::: DATA SUPPLIED :::
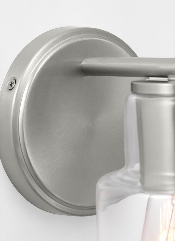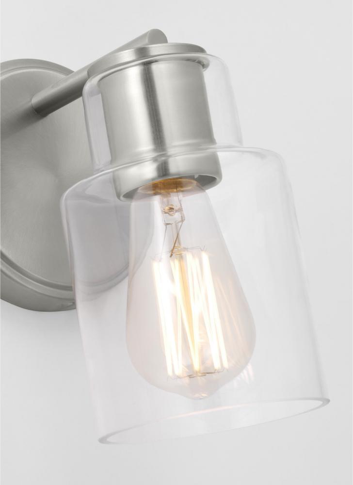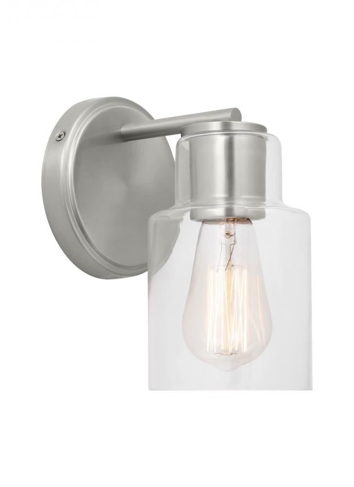 Add a bright burst of light where you need it most with the classic Drew & Jonathan Sayward Small Sconce, featuring a round metal backplate and clear glass shade. Made to coordinate across a broader range of bath hardware and design styles, the Sayward is available in four popular finishes, Brushed Steel, Chrome, Midnight Black, and Satin Brass. This light looks great on its own or installed above a bathroom vanity, and the glass shade makes it ideal for filament bulbs. This fixture may be mounted in the up or down position, and is cETL listed for damp locations, making it the perfect lighting solution for any space.
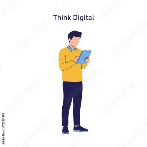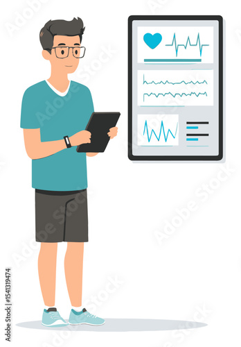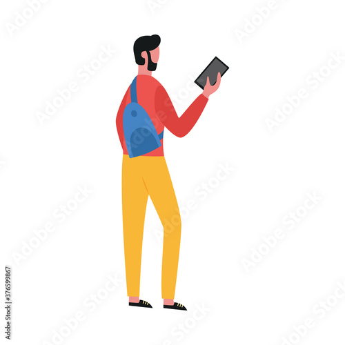 Teenager boy shooting excursion on mobile camera vector icon isolated on white background
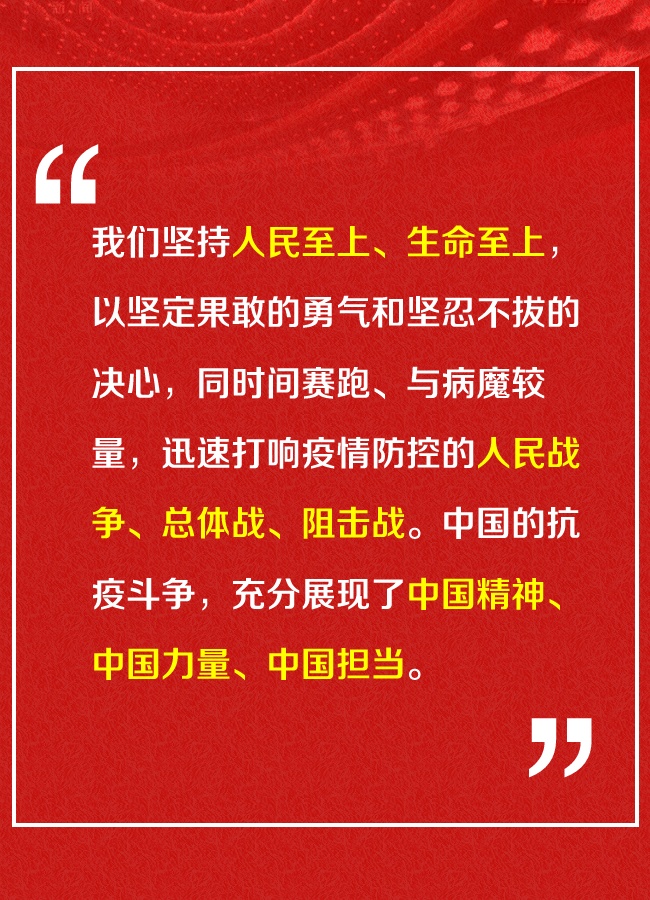 全国抗击新冠肺炎疫情表彰大会9月8日上午10时在北京人民大会堂隆重举行。中共中央总书记、国家主席、中央军委主席习近平向国家勋章和国家荣誉称号获得者颁授勋章奖章并发表重要讲话。红网时刻新闻带您一起回顾习近平在此次大会上讲话的金句。
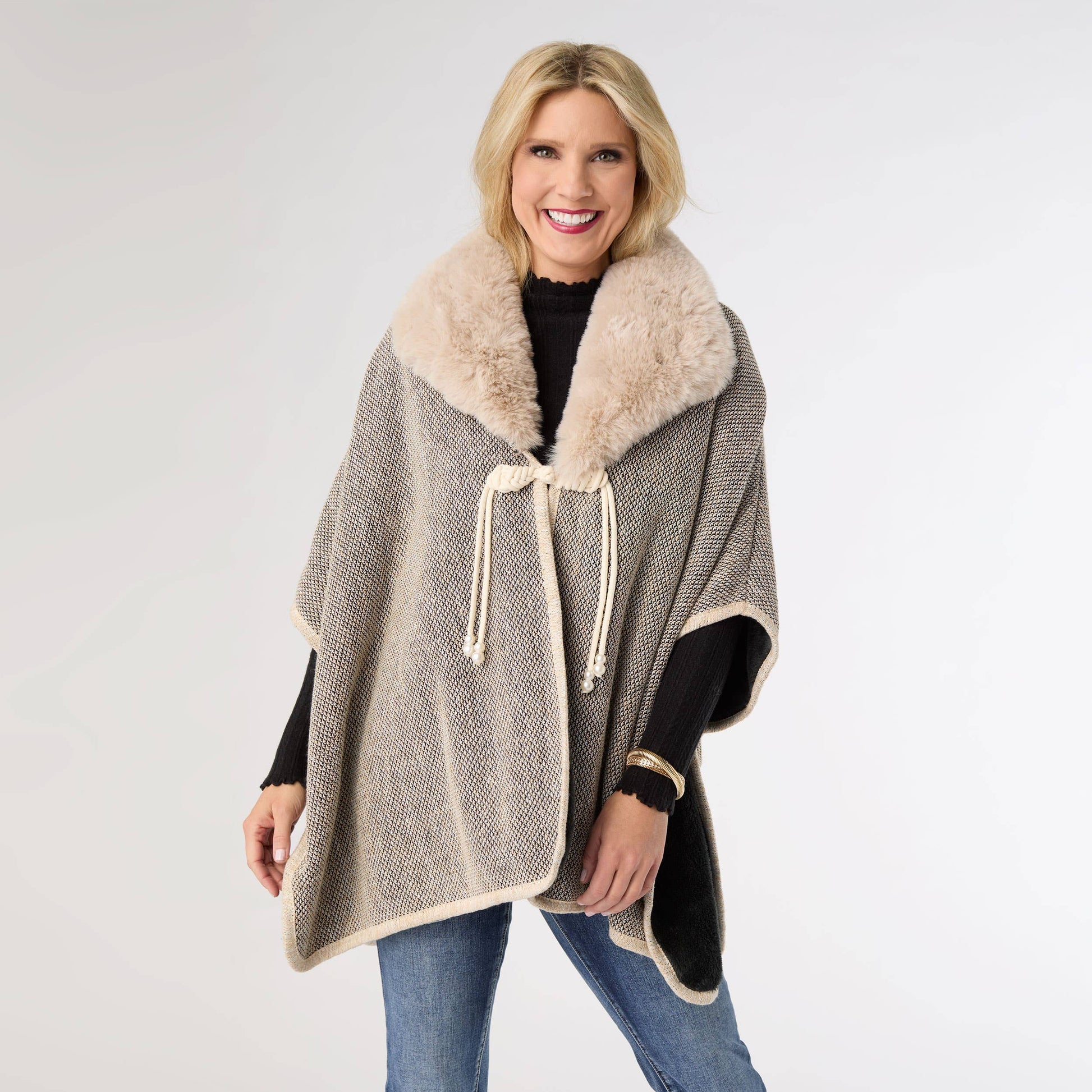 Wrap yourself up in elegance with our Elva Knotted Pearl Wrap with Faux Fur Trim. This must-have winter accessory is both cozy and fashionable, making it the perfect addition to any fall outfit. Get ready to turn heads wherever you go! Materials: Polyester/Wool.
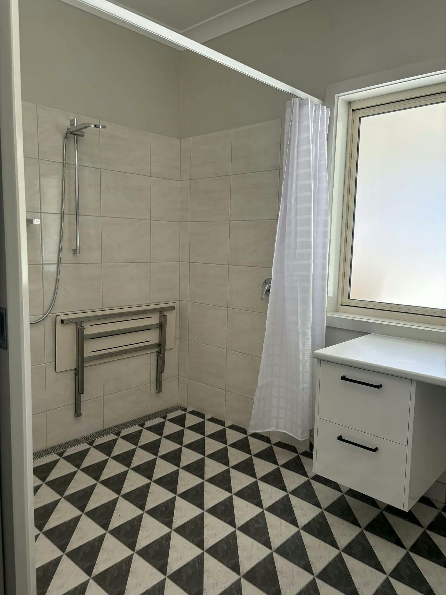 Accessible Bathroom: A fully accessible bathroom, complete with a roll-in shower, ensures ease of use for all guests, especially those with mobility aids.
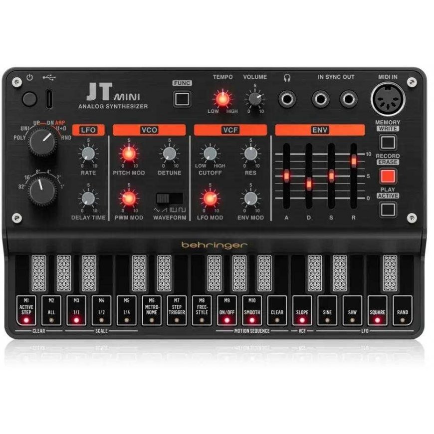 Maksa 5x23.80€„Behringer JT MINI“ – kaasaskantav analoogne polüfooniline sünteesija koos 3 VCO, mitme režiimiga VCF filtriga, arpeggiatore ja 16-sammulise sekvenceriga. Peamised omadused: programmeeritav polüfooniline analoogne sünteesija; disain on inspireeritud klassikalisest „Jupiter“ mudelist 80ndatest; 27 puutetundlikku klahvi; täielikult analoogne helitee, mis põhineb autentsetel VCO, VCF ja VCA lahendustel; VCO osillaator 4 vahetatava lainekuju režiimiga: „Saw“ / „Triangle“ / „Square“ / „Pulse“; impulsi laiuse modifikatsioon pakub täiendavat helipaletti; klassikaline filter mitme režiimi ja resonantsi juhtimisega; 16-sammuline sekvencer 8 mälupesaga ja võimalusega salvestada nuppude liikumisi; LFO filter „Saw“ / „Triangle“ / „Square“ / juhuslike lainekuju režiimidega vibrato, tremolo ja vokali filtri (wah) efektide jaoks; VCA spetsiaalselt loodud ADSR filtriga; USB C tüüpi ühendus toiteks arvutist, nutitelefonist või välist akust; sünkroniseerimise sisendi ja väljundi ühendused sünkroniseerimiseks teiste instrumentidega; täielik MIDI rakendamine (sealhulgas CC juhtimine, kõik võimalikud parameetrid ja LOAD/SAVE funktsioonid).
:::
### PROBLEM
Exactly repeat the material from its first line through the line with "Teenager boy shooting", including both, and leave the pictures and everything else out.

### SOLVED PROBLEM
 Add a bright burst of light where you need it most with the classic Drew & Jonathan Sayward Small Sconce, featuring a round metal backplate and clear glass shade. Made to coordinate across a broader range of bath hardware and design styles, the Sayward is available in four popular finishes, Brushed Steel, Chrome, Midnight Black, and Satin Brass. This light looks great on its own or installed above a bathroom vanity, and the glass shade makes it ideal for filament bulbs. This fixture may be mounted in the up or down position, and is cETL listed for damp locations, making it the perfect lighting solution for any space.
 Teenager boy shooting excursion on mobile camera vector icon isolated on white background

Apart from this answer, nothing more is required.